Traffic analysis (who, how frequently, temporal patterns)
Size of payload

Is it possible for a switch or whatever that has
>visibility up to layers 4/5/6 to determine (at least) what type of file
is
>being sent?

Yes.

Modern network equiptment can examine all the way up to "layer 7".
Can tell that you're sending an .mp3 and will cut your QoS, if that's
the policy.


> Can it determine at what layer encryption was performed?

Various "packet classification" hardware companies [1]
 make chips to find fields in headers.
(The classification chips pass this info to the NPU)
IPsec, SSL are trivial.  App-level crypto is
easy if the crypto has signatures, like "-----BEGIN PGP MESSAGE-----".

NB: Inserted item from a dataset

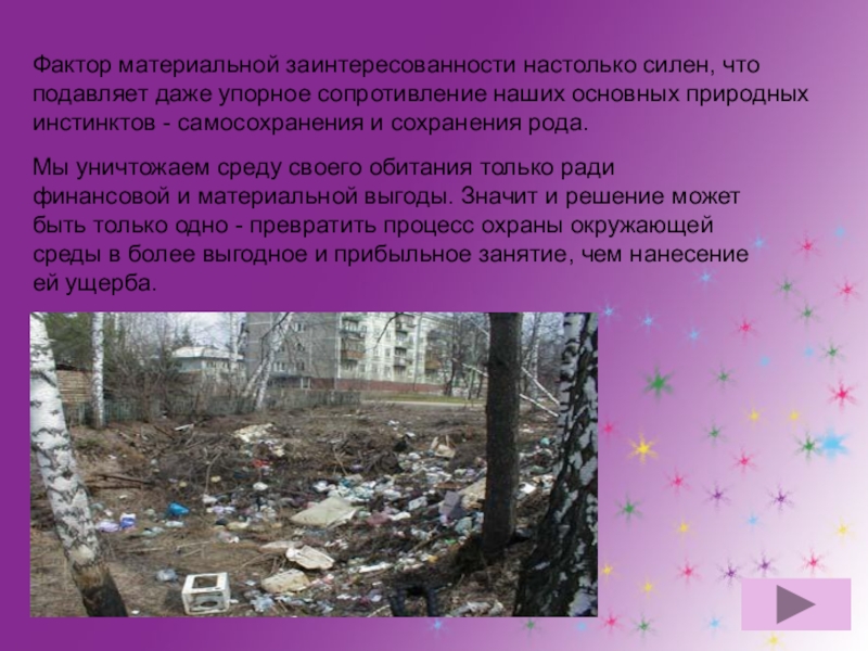 Мы уничтожаем среду своего обитания только ради финансовой и материальной выгоды. Значит и решение может быть только одно - превратить процесс охраны окружающей среды в более выгодное и прибыльное занятие, чем нанесение ей ущерба.

Steganography + encryption, however, is pretty tough.  The S/N
ratio can become useless due to false alarms.  The Feds probably
have an enormous collection of intercepted arab baby pictures...

[1] Here's a blurb from http://solidum.com/products/index.cfm
Based on programmable state machine technology and a powerful,
openly-distributed
pattern description language, our scalable, forward-compatible, and
field-upgradable
 classification processors can be configured to closely inspect packets
for vital
 information up to and including Layer 7. The information collected can
then be used to
 make intelligent routing and switching decisions for service,
application, and QoS
 requirements. This improves the speed, power and efficiency of next
generation
 network processing architectures, facilitates the delivery of
content-based services
 and enables true QoS for differentiated services.

---
CALEA: What did you think layer 7 awareness meant?